Find the line with "Sneaker especialmente cómoda" in the records below. Output exactly from there until after the line with "Aus einem einzigen", without pictures.

[[ Information supplied open ]]

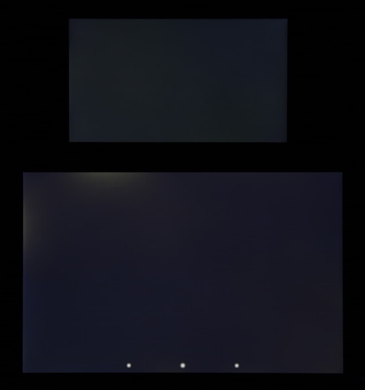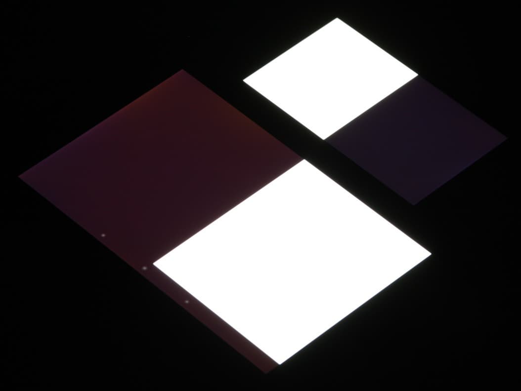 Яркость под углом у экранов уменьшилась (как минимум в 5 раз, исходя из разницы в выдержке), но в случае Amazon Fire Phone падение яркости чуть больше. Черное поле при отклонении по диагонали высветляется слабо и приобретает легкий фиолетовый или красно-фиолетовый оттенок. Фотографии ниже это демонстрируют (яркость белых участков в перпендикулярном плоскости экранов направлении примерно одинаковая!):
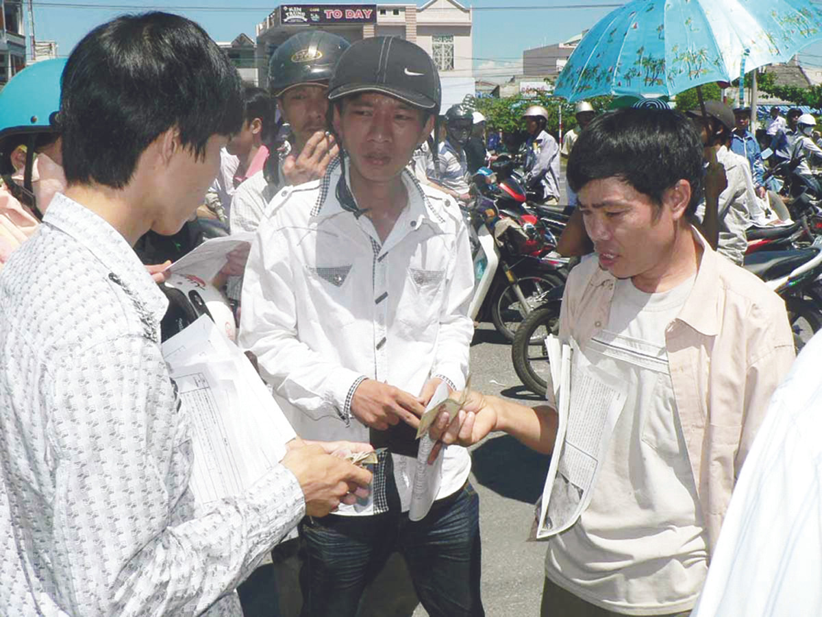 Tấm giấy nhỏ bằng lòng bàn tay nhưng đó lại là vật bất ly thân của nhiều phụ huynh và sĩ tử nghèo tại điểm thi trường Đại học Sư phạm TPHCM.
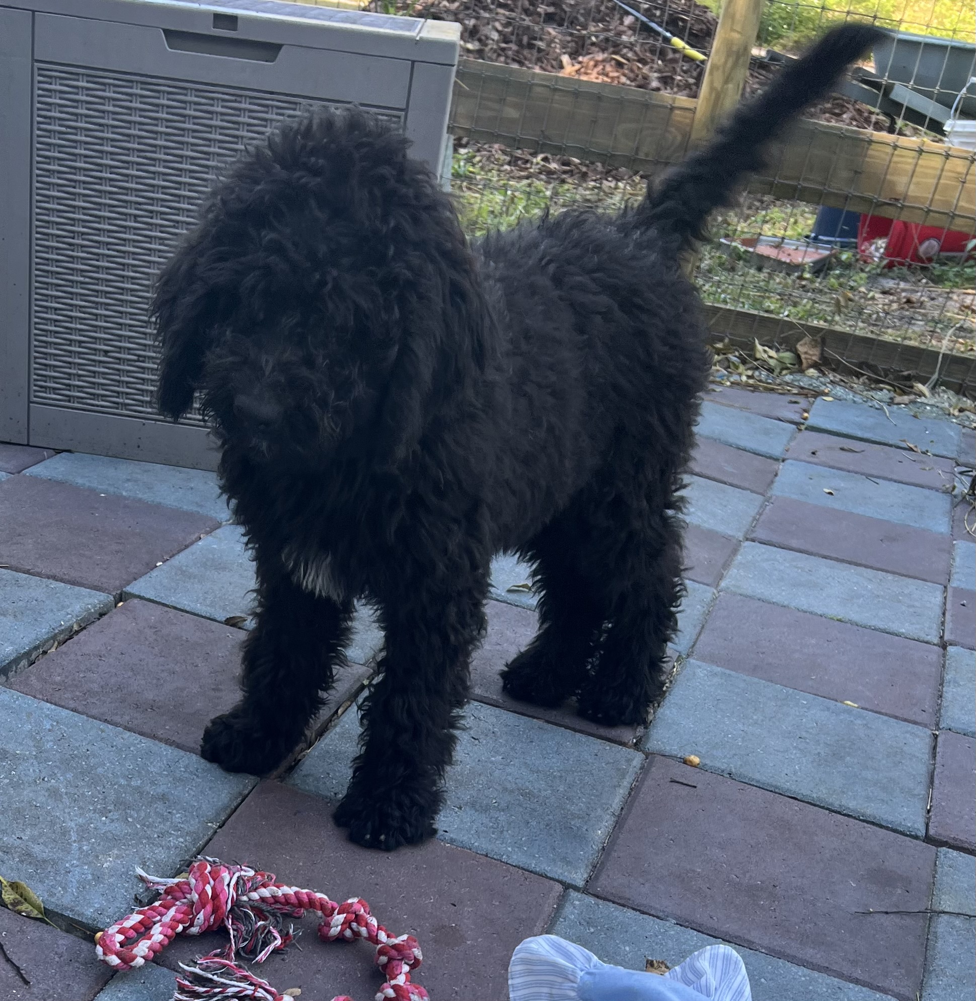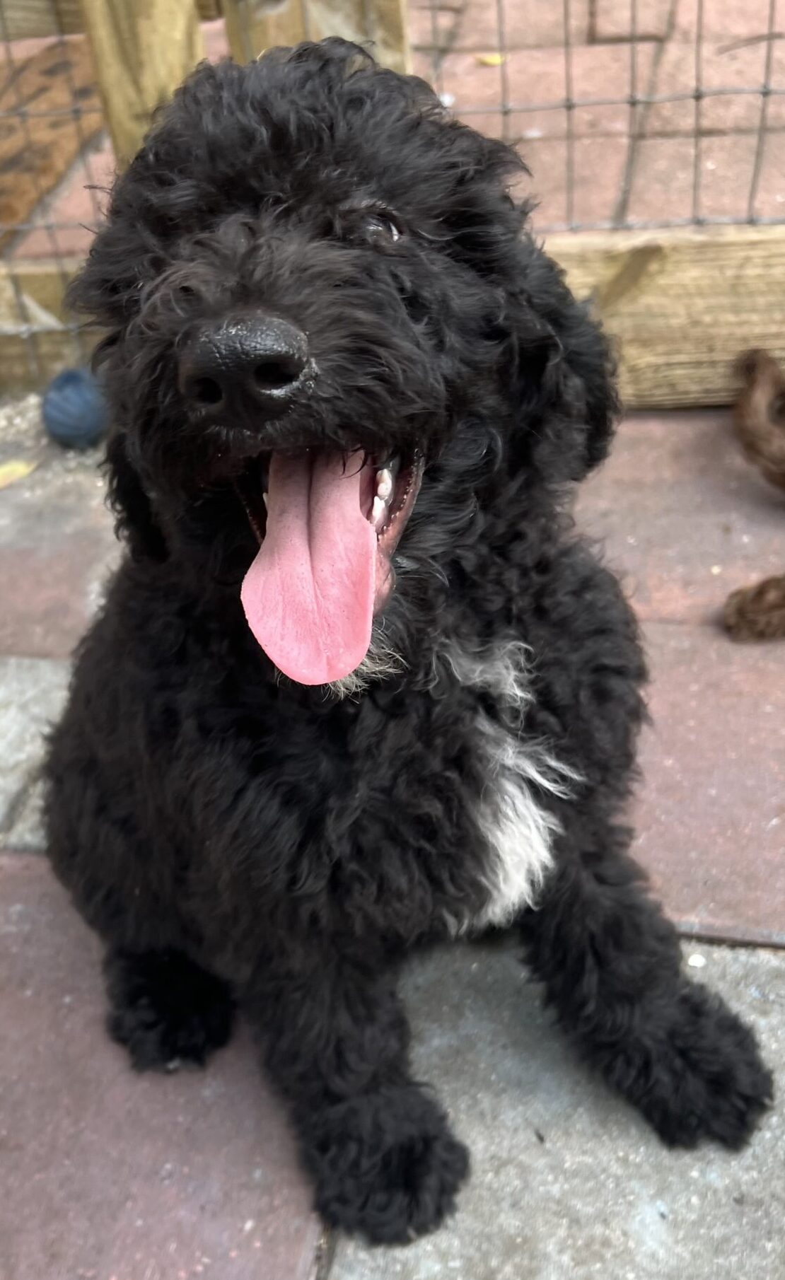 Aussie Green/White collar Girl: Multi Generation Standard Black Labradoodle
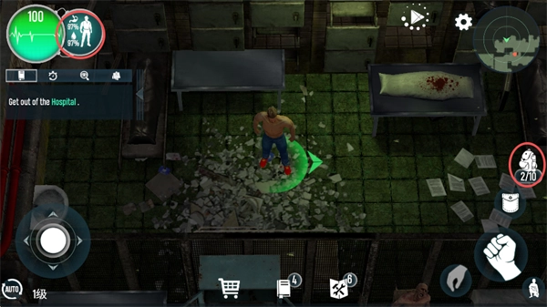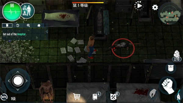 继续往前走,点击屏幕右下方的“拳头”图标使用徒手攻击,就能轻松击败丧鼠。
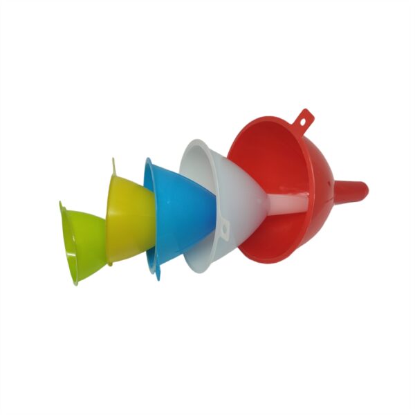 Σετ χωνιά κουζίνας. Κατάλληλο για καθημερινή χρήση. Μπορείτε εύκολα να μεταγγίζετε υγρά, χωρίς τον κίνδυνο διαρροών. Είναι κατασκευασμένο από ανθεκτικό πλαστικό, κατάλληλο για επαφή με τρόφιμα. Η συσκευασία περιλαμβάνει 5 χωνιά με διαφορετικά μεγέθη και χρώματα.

[[ Information supplied closed ]]
[[ Information supplied open ]]

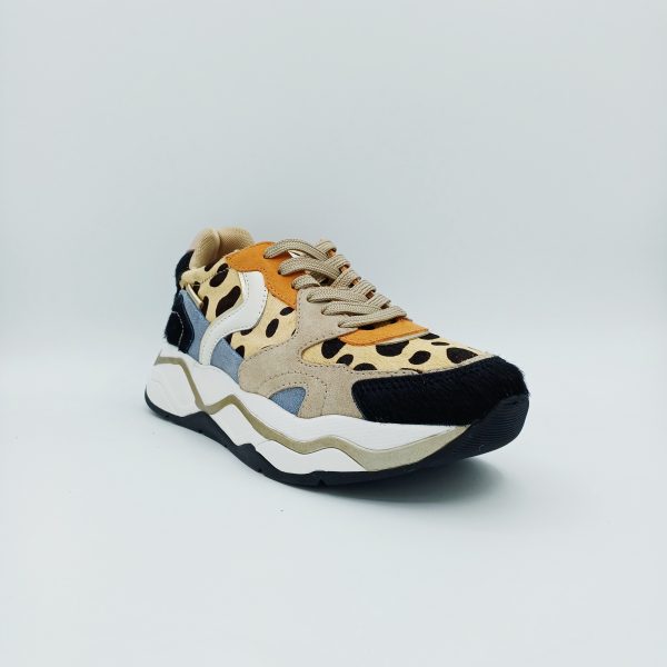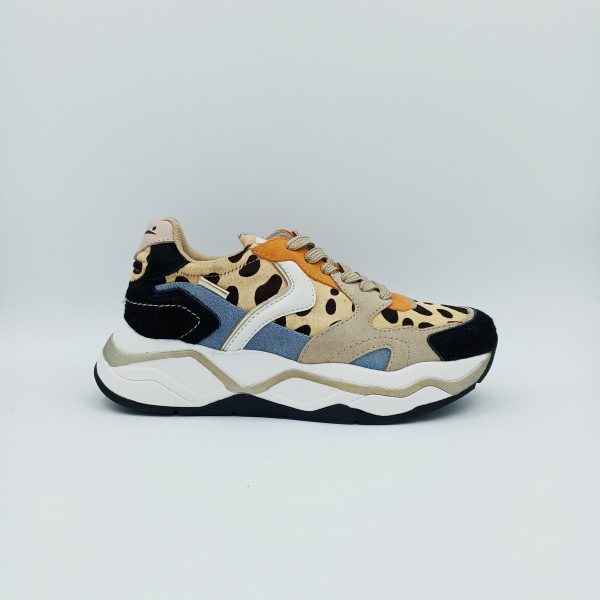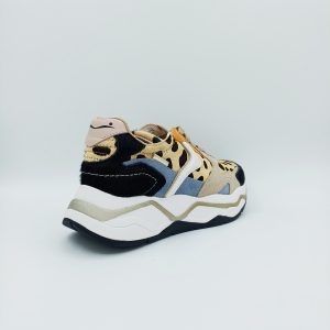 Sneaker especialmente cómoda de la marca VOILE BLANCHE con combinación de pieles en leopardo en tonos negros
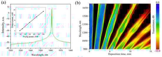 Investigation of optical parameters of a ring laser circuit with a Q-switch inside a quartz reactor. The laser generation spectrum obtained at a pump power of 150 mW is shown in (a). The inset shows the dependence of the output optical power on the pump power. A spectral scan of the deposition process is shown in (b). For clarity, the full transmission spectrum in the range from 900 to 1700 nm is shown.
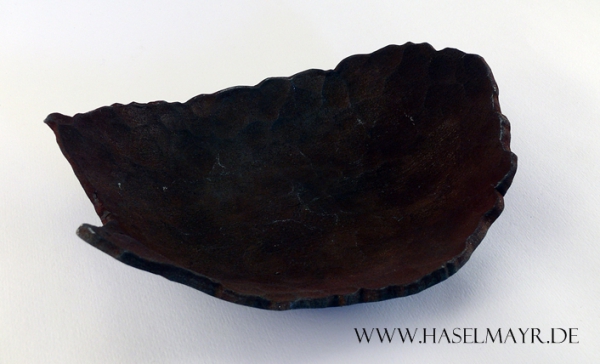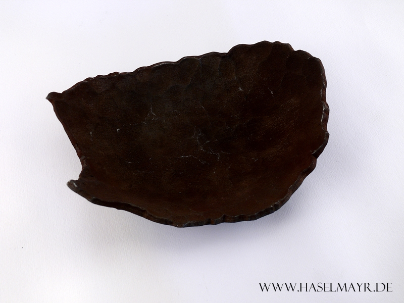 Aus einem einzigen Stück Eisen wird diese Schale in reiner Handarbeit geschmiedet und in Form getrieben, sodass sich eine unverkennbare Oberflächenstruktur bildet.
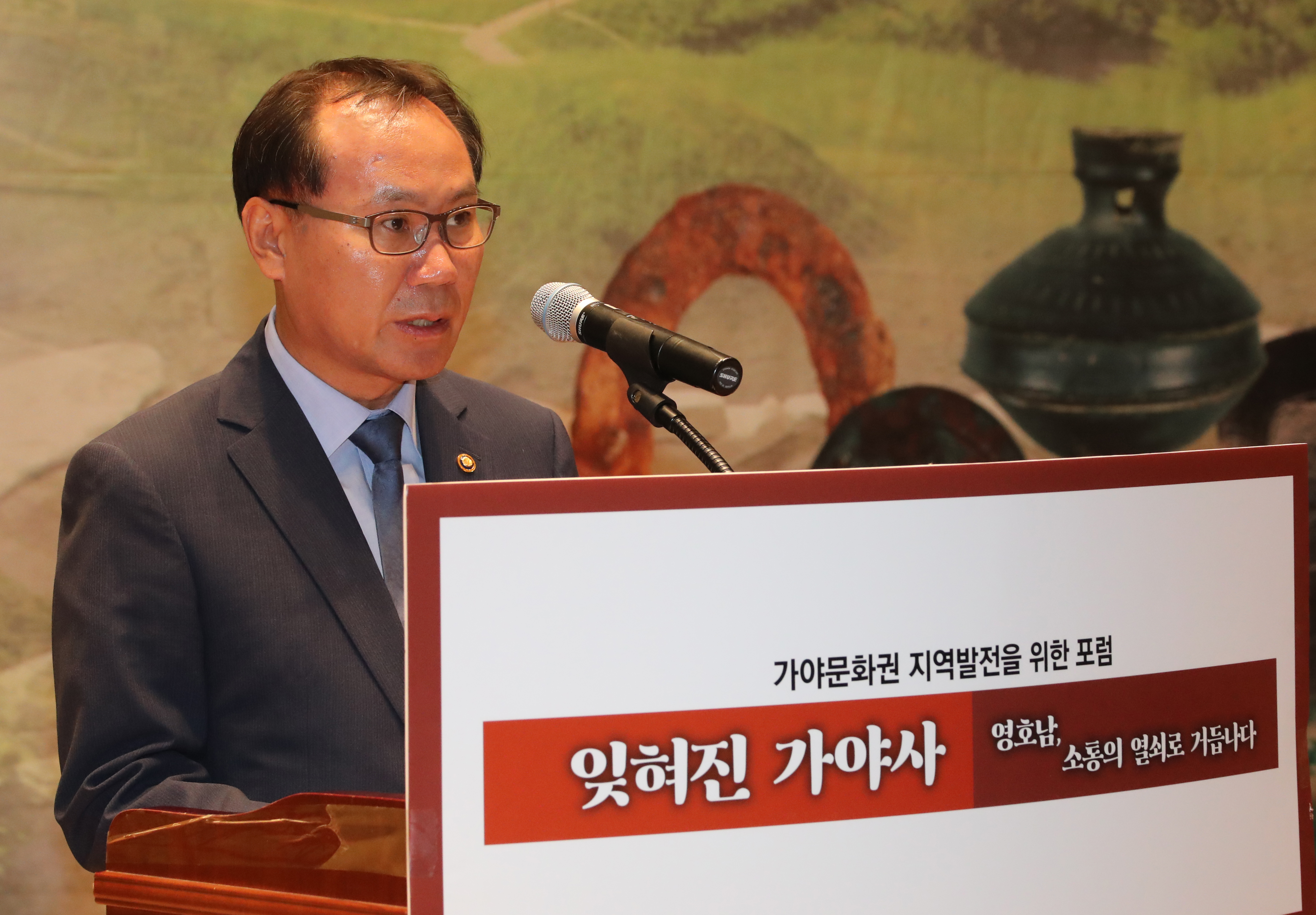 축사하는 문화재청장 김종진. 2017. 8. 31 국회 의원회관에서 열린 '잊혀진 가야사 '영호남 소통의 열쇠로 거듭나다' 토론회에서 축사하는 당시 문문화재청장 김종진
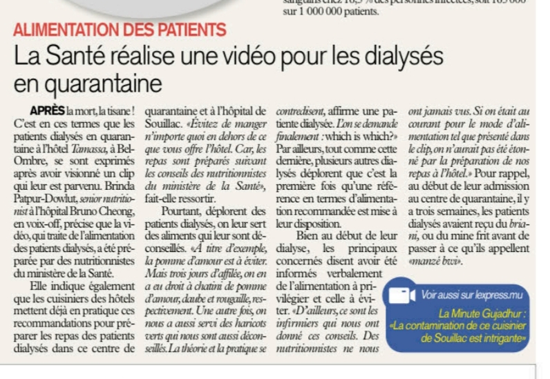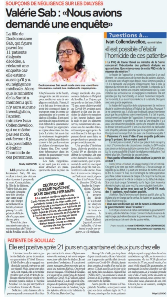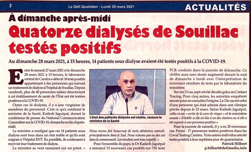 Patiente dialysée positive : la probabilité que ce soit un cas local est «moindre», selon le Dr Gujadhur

[[ Information supplied closed ]]

Exercise response:
 Sneaker especialmente cómoda de la marca VOILE BLANCHE con combinación de pieles en leopardo en tonos negros
 Investigation of optical parameters of a ring laser circuit with a Q-switch inside a quartz reactor. The laser generation spectrum obtained at a pump power of 150 mW is shown in (a). The inset shows the dependence of the output optical power on the pump power. A spectral scan of the deposition process is shown in (b). For clarity, the full transmission spectrum in the range from 900 to 1700 nm is shown.
 Aus einem einzigen Stück Eisen wird diese Schale in reiner Handarbeit geschmiedet und in Form getrieben, sodass sich eine unverkennbare Oberflächenstruktur bildet.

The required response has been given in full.